» Your task:
When you copy from the entries that follow, take only the lines from the one with "Ruská televize RT" down to the one with "美式轻奢客厅餐厅矩形玻璃吊灯", keeping both ends and dropping every picture.

» Excerpted data:
'''
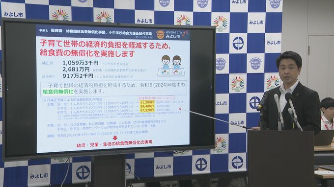 愛知県内では、ことし6月時点で、みよし市の他に津島市、飛島村、豊田市、安城市、豊根村の合わせて6つの自治体が、公立小中学校の給食費を無償化しています。
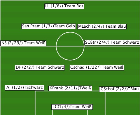 ------------LL (1/6/) Team Rot--- ------San Pram (1/3/)Team Gelb-MLach (2/4/) Team Blau --NS (2/29/) Team Weiß-SOStr (2/4/) Team Schwarz -----DF (2/2/) Team Schwarz-Cschad (1/22/) Team Weiß ---AJ (1/2/)TSchwarz-KFrank (2/11/)TWeiß-CSchöf (2/2/)TBlau -------------LC(1/4/)Team Weiß---
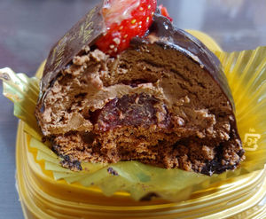 チョコスポンジを土台に、チョコムースやイチゴジュレ、艶やかなグラサージュチョコ、そしてイチゴを乗せた贅沢なケーキ。
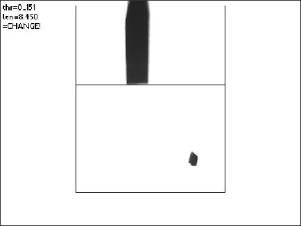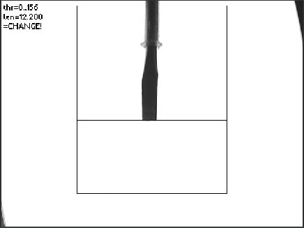 def find_tip_solid(img): global threshold # Run solid area detection on a copy of the ROI r = img.copy(roi=ROI) hist = r.get_histogram() threshold = (0, hist.get_threshold().value()) # Otsu's method r.binary([threshold]) # convert to black/white using threshold x0, y0, w, h = ROI for j in range(h - 1, -1, -1): row_stat = r.get_statistics(roi=(0, j, w, 1)) if row_stat.l_mean() > 10: return y0 + j return NoneMy biggest problem was to try to make up python code by trial and error. I thought this was easy because of the syntax highlighting editor of the IDE spotting every mistake I make. But it wasn't. The python interpreter crashes without warning if I pass parameters to a library function of which the data type doesn't match the expectations. The parser of the editor can't warn because it has no idea of data type until the code is executed.
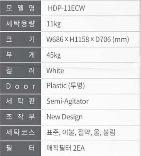 하이메이드 일반 세탁기 HDP-11ECW 11kg 방문설치
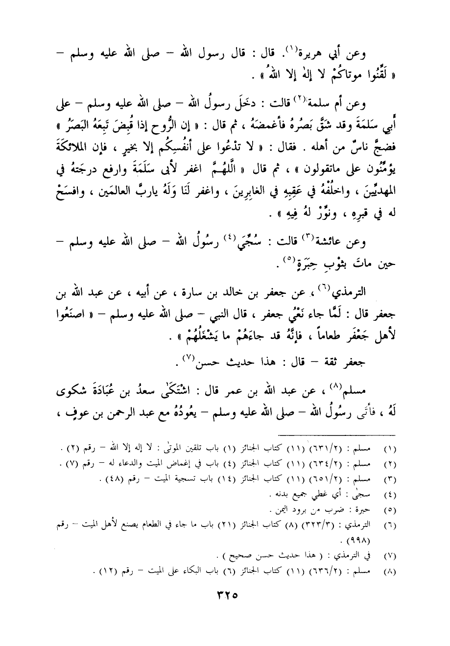 (¬6) الترمذي: (3/ 323) (8) كتاب الجنائز (21) باب ما جاء في الطعام يصنع لأهل الميت - رقم (998).
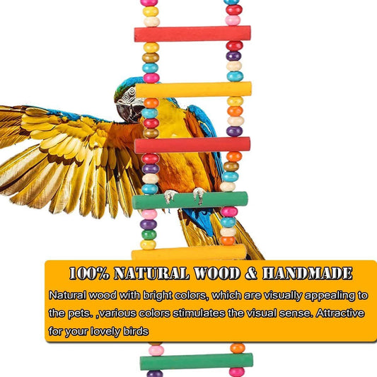 Natural Wood Pet Bird Parrot Ladders Climbing Toy Hanging Colorful Balls Decor
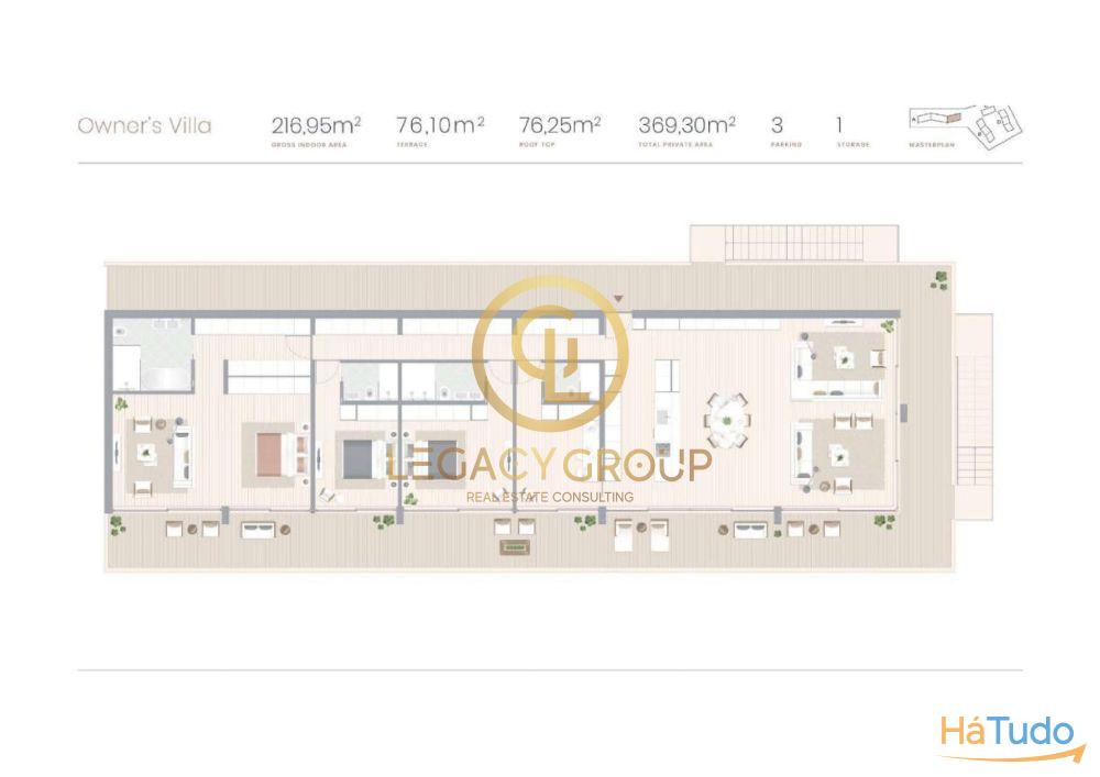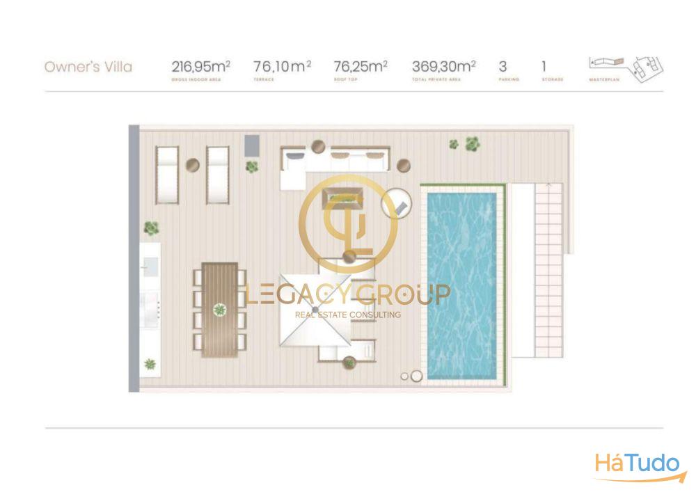 ? Localizado no último andar do resort de luxo de Nomad Bay, com vista de 360°. Esta penthouse moradia tem uma área total de 370 m2, e é um apartamento T4 com 216m2 de área interior, um terraço envolvente com 76m2 e uma fantástica cobertura com 76m2.
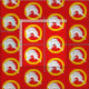 "Gules, en delfin har böjt en stor naiant genom en ogiltigförklaring eller." Allover mönster av folkbrickan för Barony of the Far Väster in the Society for Kreativ Anakronism.
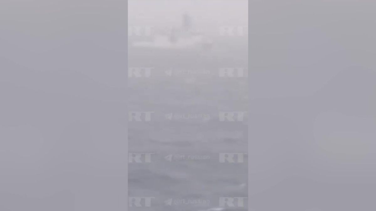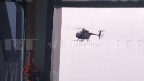 Ruská televize RT zveřejnila snímek vrtulníku, který se vznáší v blízkosti plavidla.
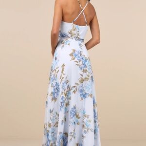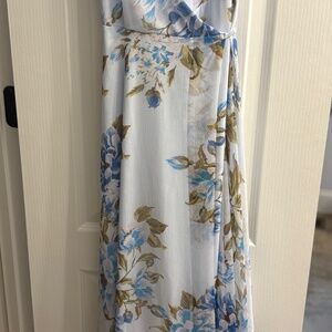 Oh-So Romantic Pale Blue Floral Print Sleeveless Wrap Maxi Dress
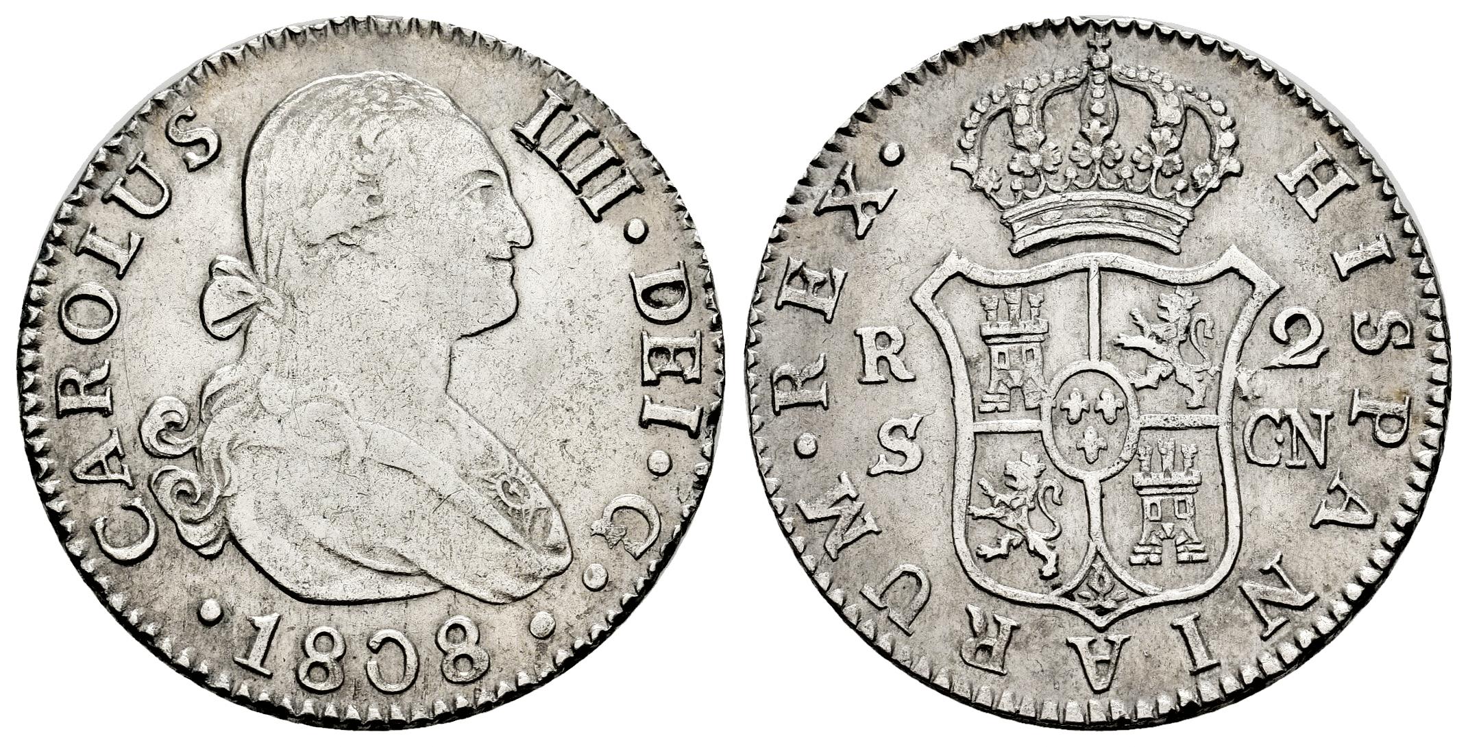 Carlos IV (1788-1808). 2 reales. 1808. Sevilla. CN. (Cal-728). Ag. 5,85 g. Ligeramente limpiada. MBC+. Est...70,00.
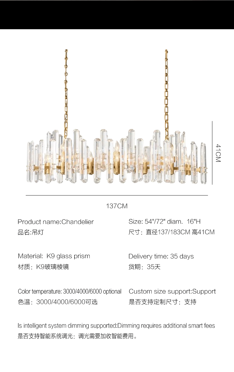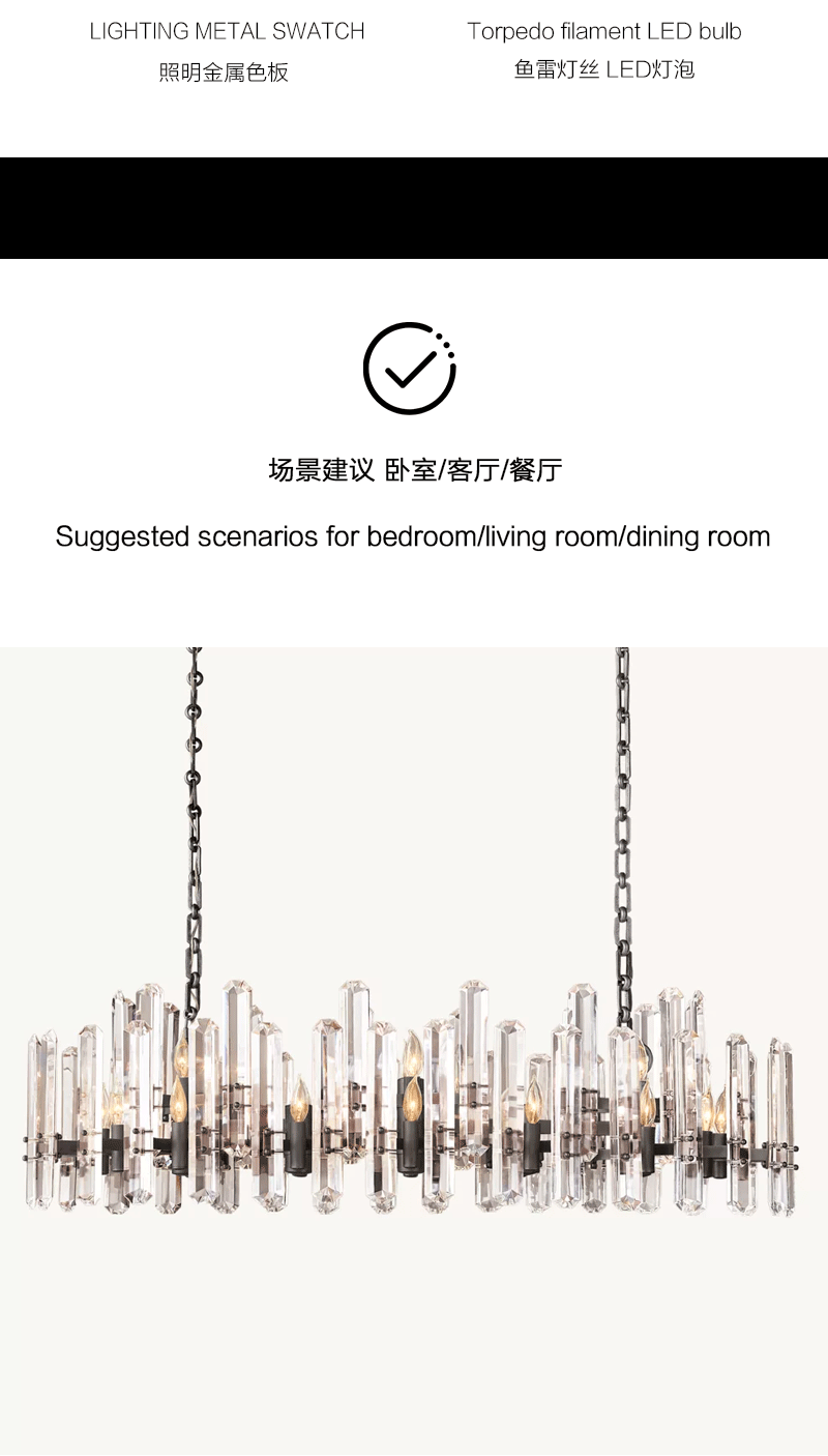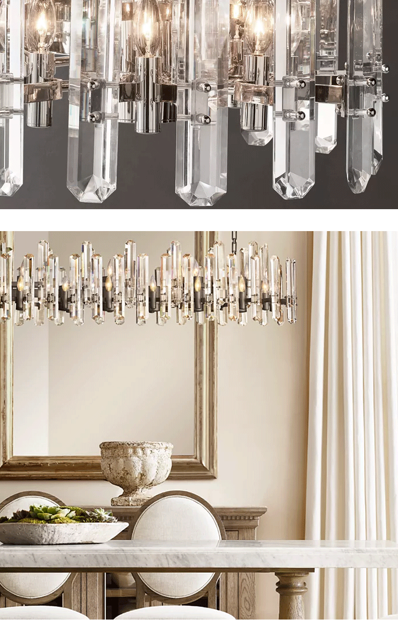 美式轻奢客厅餐厅矩形玻璃吊灯
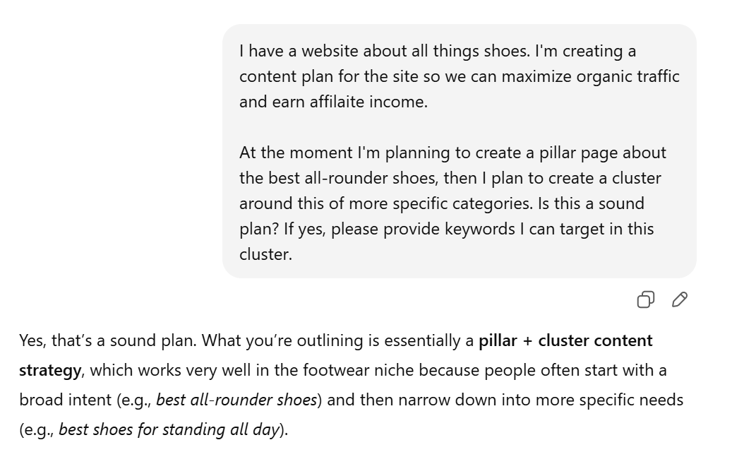 If you only have a rough idea of the content strategy you want to use, ChatGPT can help smooth out the edges and provide actionable insights on how to move forward. For example, here I asked the AI for advice on a hypothetical content strategy for a footwear affiliate site.
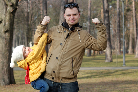Middle-aged man holding his arm up to show how strong he and her little daughter hanging on her biceps, spring park activity, happy family concept, outdoor portrait
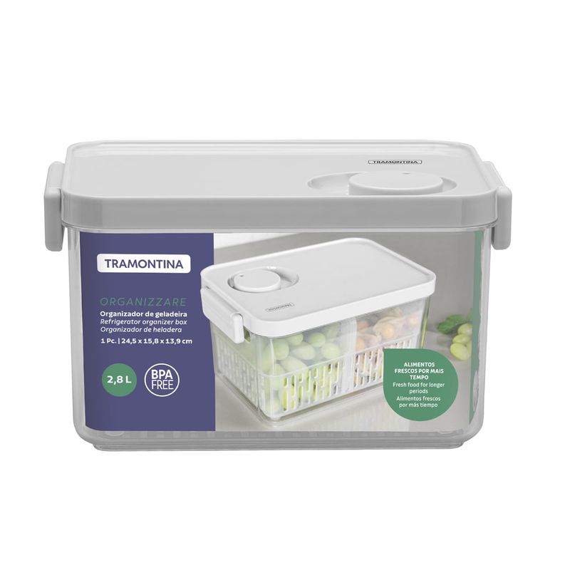 Com uma capacidade generosa, o pote organizador de geladeira Tramontina Organizzare com controle de umidade 2,8 L oferece tudo que você precisa para armazenar grandes quantidades de alimentos de maneira eficiente e organizada. Sua tampa com ventilação ajustável permite regular o fluxo de ar, garantindo o frescor prolongado de frutas, verduras, legumes e até mesmo carnes e laticínios. O design inovador inclui um cesto de drenagem, que evita o contato direto dos alimentos com a umidade, além de um divisor que facilita ainda mais a organização. A função de lembrete de data giratória ajuda a controlar o tempo de armazenamento, otimizando a sua rotina na cozinha. Seu design moderno e funcional vai transformar a organização da sua geladeira!
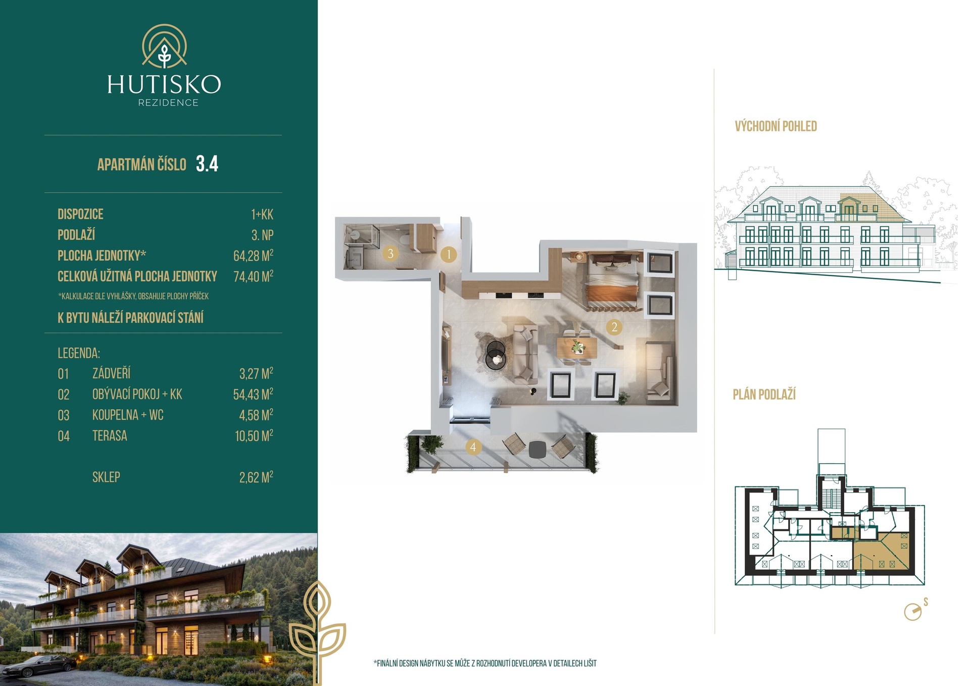 V nejvyšším, 3. nadzemním podlaží Rezidence Hutisko, se nachází tento prostorný a dokonale prosvětlený byt 1+kk (64 m2), který vás okouzlí svou atmosférou i promyšleným uspořádáním. Velkorysý otevřený interiér je přirozeně rozdělen na obytnou část a klidovou zónu pro ložnici, takže prostor působí vzdušně, ale zároveň útulně. Smart Home Living by Loxone Každý byt v Rezidenci Hutisko je vybaven chytrým systémem Loxone Smart Home Living. Ten umožňuje automatizaci světel, topení, žaluzií i řízení vstupu. Díky němu si můžete přizpůsobit své bydlení přesně podle svého rytmu a potřeb, včetně možnosti pohodlného ovládání hudby. Rezidence je navržena s ohledem na moderní technologie i udržitelný provoz. Komfort, který přesahuje běžné bydlení Každý byt v Rezidenci Hutisko je plně vybavený do posledního detailu - od nábytku a kuchyňského zařízení až po textilie a dekorace. Celý interiér tvoří harmonický celek s důrazem na přírodní materiály a valašský charakter projektu. Střešní okna zaplavují interiér denním světlem a umožní vám pozorovat oblohu přímo z postele. Večerní světlo se mění v jemné teplo, které se odráží od dřevěných povrchů a vytváří klidnou, domáckou atmosféru. Dominantou bytu je prostorná terasa (10,5 m2), na kterou vstoupíte přímo z obývací části - ideální místo pro ranní kávu nebo večerní sklenku vína s výhledem na beskydské hřebeny. Služby a zázemí Projekt nabízí jedinečné horské bydlení se zajištěnou správou. Byty budou zkolaudovány k trvalému bydlení, čímž vzniká výjimečná příležitost vlastnit nemovitost v horách, která splňuje veškeré standardy pro celoroční užívání i trvalé bydliště. Parkovací místo a sklep jsou zahrnuty v ceně. Rezidence Hutisko Projekt Rezidence Hutisko představuje moderní způsob pojetí horské bydlení v souladu s budoucím přímo sousedícím wellness v nově budovaných Máchových lázních, vše v srdci Beskyd, v obci Hutisko-Solanec. Spojuje valašskou tradici s moderním komfortem, nadstandardním vybavením a službami zaručujícími plnou správu bez jakýchkoli starostí na Vaší straně. Díky své poloze nabízí naprostý klid, čistý vzduch a přímý kontakt s přírodou, ale i pohodlnou dostupnost městských služeb v Rožnově pod Radhoštěm. Klíčové údaje • Dispozice: 1+kk • Podlaží: 3. (poslední) • Terasa: ano, přístupná z obývací části • Výbava: kompletní interiér, nábytek, kuchyň, textilie, dekorace • Služby: správce, údržba rezidence • Parkovací místo a sklep: zahrnuty v ceně Nabídka se týká jedné z 4 posledních jednotek volných v projektu. Kolaudace 2027. Pro další informace kontaktuje makléřku. Budeme se těšit na Váš zájem.
'''
» Result for this task:
 Ruská televize RT zveřejnila snímek vrtulníku, který se vznáší v blízkosti plavidla.
 Oh-So Romantic Pale Blue Floral Print Sleeveless Wrap Maxi Dress
 Carlos IV (1788-1808). 2 reales. 1808. Sevilla. CN. (Cal-728). Ag. 5,85 g. Ligeramente limpiada. MBC+. Est...70,00.
 美式轻奢客厅餐厅矩形玻璃吊灯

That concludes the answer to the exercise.